Note that for still image output processing, image composition processing, wipe, fade, image enlargement processing, image composition processing using enlarged images, wipe using enlarged images, and fade using enlarged images, data is sent from PIFO 6 to adder 24. The present invention includes all such configurations.

[Effects of the Invention] As described above, according to the video signal processing circuit of the present invention, the circuit configuration is simple, and wipe and fade can be realized when an enlarged image is combined with another image. can.

[Brief explanation of the drawing]

FIG. 1 is a diagram showing the configuration of a video signal processing circuit as an embodiment of the present invention, FIG. 2 is a schematic diagram for explaining the enlargement process by the processing circuit of FIG. 1, and FIGS. FIG. 5 is a timing chart for explaining the operation of each part of the circuit of FIG. 1 during enlargement processing, and FIG. 5 is a diagram showing an example of a special screen obtained by the circuit of FIG. 1. In the figure, 2 is an input terminal, 4 is a switch, 6 is an IFO having a capacity for one field, 8 is a timing controller, 10 is a synchronous separation circuit, and 12 is an IHDL. 14 is a switch, 16 is a subtracter, 18 is a nonlinear circuit, 20 is a multiplier, 24 is an adder, 26 is an output terminal, 28 is a coefficient control circuit, 30 is a system controller, and 32 is an operating section.

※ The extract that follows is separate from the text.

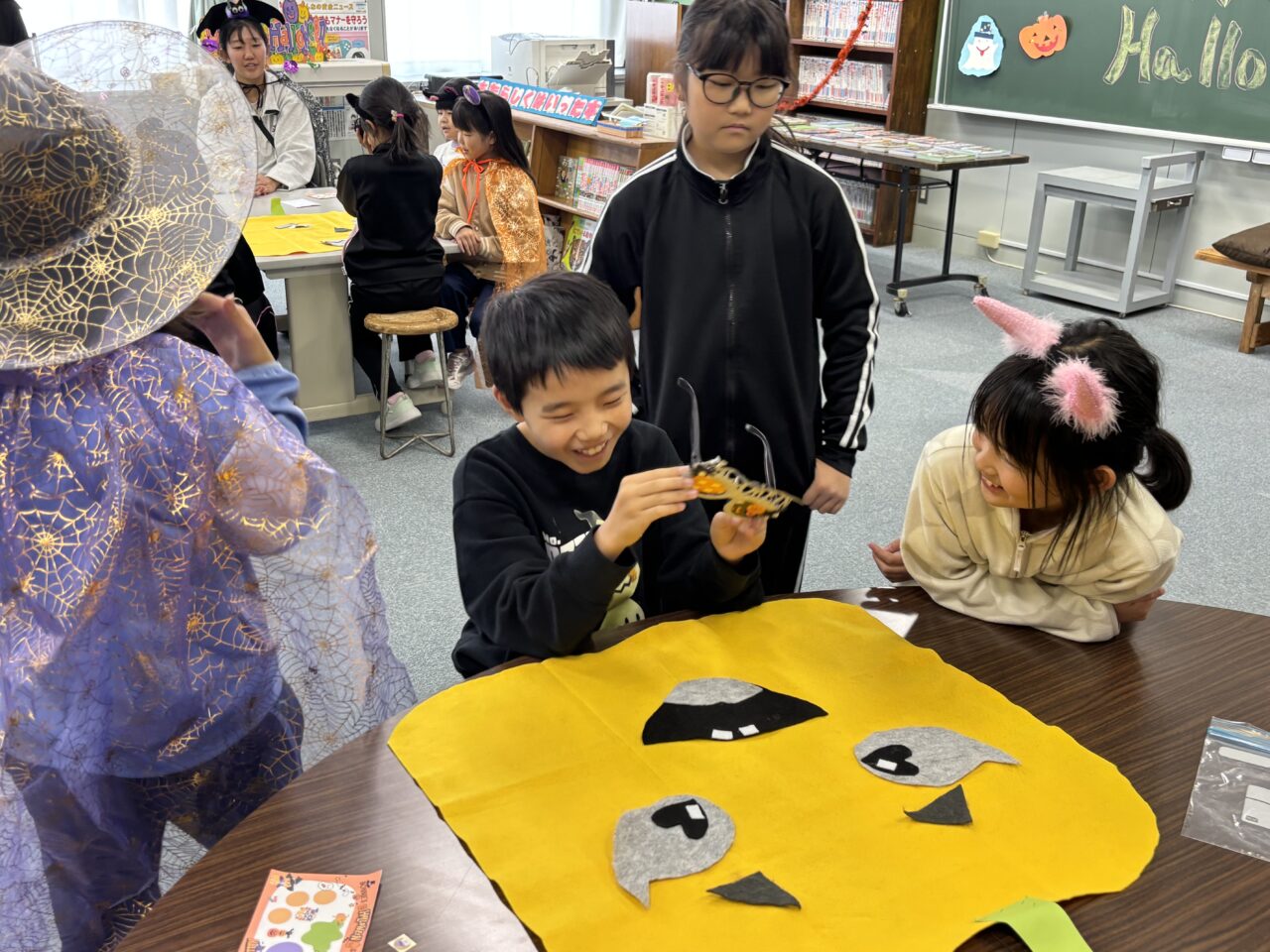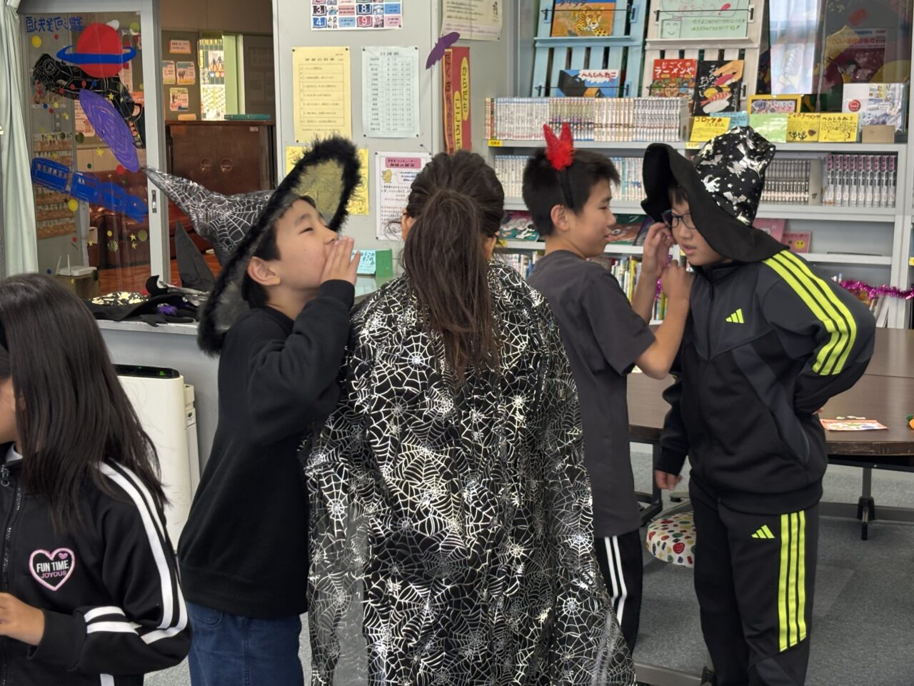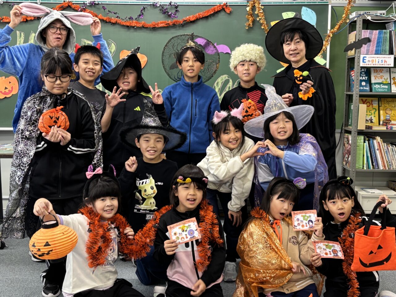 ハロウィーン(通明小) 投稿日 2025年10月28日 著者 通明小学校 カテゴリー 通明小学校 令和7年10月28日(火)の英語の授業で、ハロウィーンを行いました。ハロウィーンの文化について学んだ後、いろいろなゲームをして盛り上がりました。子どもたちは楽しみながら、英語と異文化に触れることができたことでしょう。

Figure 3

Claims (3)

[Claims] (1) An enlargement processing circuit capable of forming an enlarged image using a memory capable of storing a video signal for one screen, a subtracter that takes the difference between the output of the enlargement processing circuit and the input video signal, and A video signal processing circuit comprising: a coefficient multiplier for multiplying an output by a controllable coefficient; and an adder for adding the output of the coefficient multiplier to the video signal. (2) The video signal processing circuit according to claim (1), wherein the input video signal and the output of the adder can be selectively supplied as input signals to the memory. . (3) The coefficient multiplier selectively operates between a first coefficient multiplier that multiplies a variable coefficient determined regardless of the input level, and a second coefficient multiplier that multiplies a coefficient determined according to the input level. The video signal processing circuit according to claim (2), characterized in that it can be used for.